The People's Constitution was formed by a minority of the people, only 7,000. The unlawful convention acted without law and against law. They formed and voted for their Constitution illegally, and illegally declared it to be the supreme law.

The legal convention in a proper manner put forth their Constitution to the people.

The history of the subsequent debates and resolutions of the assembly were then recited, and the various propositions of Mr. Atwell, were adverted to.

The People's Constitution was considered merely as indicating the wishes of the people for an extension of suffrage.

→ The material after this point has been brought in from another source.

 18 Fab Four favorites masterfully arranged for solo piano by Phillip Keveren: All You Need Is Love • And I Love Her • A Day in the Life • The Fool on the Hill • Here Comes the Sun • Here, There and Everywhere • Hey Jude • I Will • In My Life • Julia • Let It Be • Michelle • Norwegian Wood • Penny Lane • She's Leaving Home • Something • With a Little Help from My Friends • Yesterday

It was expected that the people would have received the Constitution in the same spirit in which it was offered. But misrepresentations were used to defeat that Constitution.

It commented in severe terms on the motives of the Suffrage men, and characterised them as deluded men,

The report was very lengthy, and closed by directing a proclamation to be issued, and that the report and proclamation be published in all the papers.

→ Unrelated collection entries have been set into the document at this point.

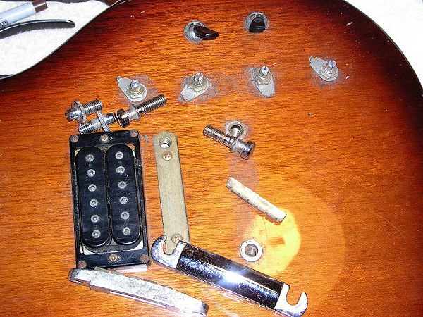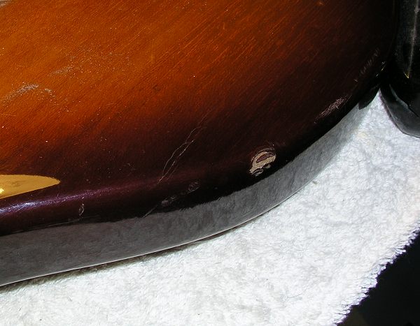 | The hardware cleaned up pretty well. There were still some finish imperfections, mostly from the fall in the booth. If you look closely at the headstock you'll see where I feebly attempted to mask off the logo, and how the original finish was milked up a bit for some reason. |
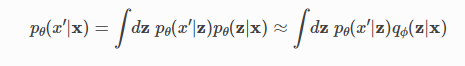 더욱이, 우리는 이 분기를 최적화하는 데 관심이 있는데, 이는 훨씬 더 어렵게 들릴 수 있지만, 실제로 베이즈의 정리를 사용하여 의 정의를 의존하지 않는 다루기 어려운 상수와 아래에 정의된 증거 하한(ELBO)이라고 불리는 다루기 쉬운 용어 사이의 차이로 다시 쓰는 것이 가능하다.
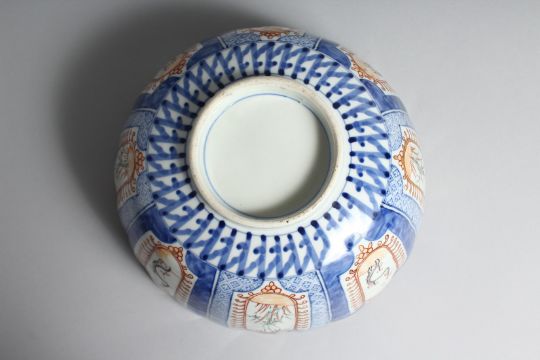A JAPANESE IMARI PORCELAIN BLUE AND WHITE BOWL, with fluted-form, and decorated with panels of native flora. 25cm diameter
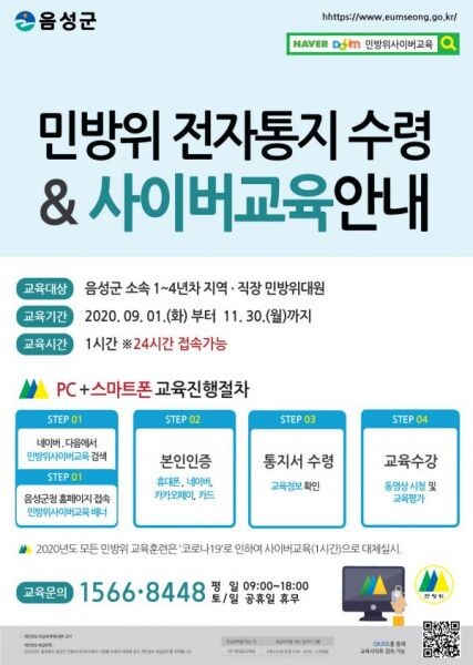 [무한뉴스] 충북 음성군은 지난 7월부터 시행중인 민방위 5년차 이상 대원 사이버교육에 이어 1~4년차 대원들에 대한 민방위 사이버교육을 9월부터 시행한다고 1일 밝혔다.
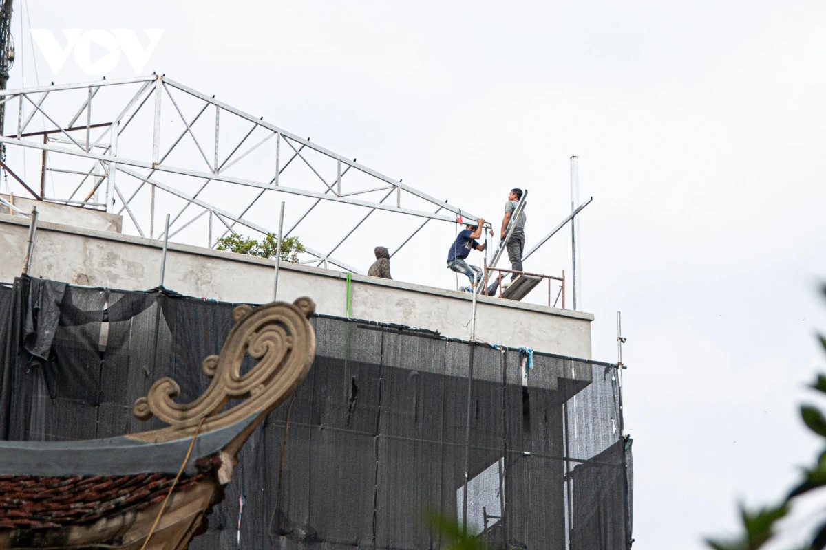 Thậm chí, tại một công trình trong ngõ 144 Quan Nhân, dù đã có lưới chắn bụi nhưng giàn giáo vẫn được dựng sát mép đường. Phía trên, công nhân vẫn đang thi công, tiềm ẩn nguy cơ mất an toàn cho người qua lại bên dưới.

The Committee, it was evident, had only reported the facts which led to votes against it, and stated nothing of efforts made for it. They did not state the plain reasons that operated against it. They did not give the greatest of all objections, that it placed the power in the hands of the MINORITY, and that the extension of Suffrage was deceptive. They said nothing of the fact, that the people were told that they would not have the privilege of bearing arms under the People's Constitution-an argument that was

frequently and profitably used. They said nothing of the great number of Petitions, and the action in relation to Suffrage.

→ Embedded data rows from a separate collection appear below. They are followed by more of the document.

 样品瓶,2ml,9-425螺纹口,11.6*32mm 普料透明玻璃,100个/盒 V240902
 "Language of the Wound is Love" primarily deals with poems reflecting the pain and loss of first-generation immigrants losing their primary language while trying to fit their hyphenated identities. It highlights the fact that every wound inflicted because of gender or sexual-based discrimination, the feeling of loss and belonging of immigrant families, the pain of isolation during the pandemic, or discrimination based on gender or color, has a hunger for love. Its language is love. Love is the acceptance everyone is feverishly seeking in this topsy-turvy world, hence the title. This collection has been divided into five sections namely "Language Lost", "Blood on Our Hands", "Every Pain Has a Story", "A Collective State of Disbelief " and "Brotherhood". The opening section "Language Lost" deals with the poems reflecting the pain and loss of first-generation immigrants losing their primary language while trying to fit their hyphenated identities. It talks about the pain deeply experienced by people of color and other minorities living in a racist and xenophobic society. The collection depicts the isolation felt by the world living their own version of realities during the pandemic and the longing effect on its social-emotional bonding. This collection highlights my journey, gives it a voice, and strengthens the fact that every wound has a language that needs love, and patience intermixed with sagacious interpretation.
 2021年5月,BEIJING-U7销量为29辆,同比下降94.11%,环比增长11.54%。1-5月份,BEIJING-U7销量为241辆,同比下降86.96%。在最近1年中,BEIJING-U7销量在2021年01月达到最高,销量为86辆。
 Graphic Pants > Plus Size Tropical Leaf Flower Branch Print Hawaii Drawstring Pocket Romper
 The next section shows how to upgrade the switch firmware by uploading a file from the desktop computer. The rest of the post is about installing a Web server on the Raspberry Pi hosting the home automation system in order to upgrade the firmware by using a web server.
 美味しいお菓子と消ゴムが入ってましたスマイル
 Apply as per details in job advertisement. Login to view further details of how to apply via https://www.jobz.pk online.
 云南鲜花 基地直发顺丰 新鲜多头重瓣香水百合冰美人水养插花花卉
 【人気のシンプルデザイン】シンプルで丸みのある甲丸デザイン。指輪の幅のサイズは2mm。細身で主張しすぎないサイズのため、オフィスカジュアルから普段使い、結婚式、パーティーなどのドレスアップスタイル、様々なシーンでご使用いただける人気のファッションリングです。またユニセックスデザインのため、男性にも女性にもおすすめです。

Hazard's insulting Report, in which 2000 Memorialists, who announced themselves as permanent residents of the State, were designated as "aliens," as "loose and floating population," and thus stigmatised as liars, was probably one of the conciliatory measures of the General Assembly. What must the severity of that august body be, if such are its conciliatory measures; or what could the people expect from them, whose tender mercies are cruel?

Mr. Randolph said; "that Report was able, and silenced the agitation for an extension of Suffrage. That Report was made soon after the Convention had decided, with only 7 votes in opposition, that there should be no extension of Suffrage."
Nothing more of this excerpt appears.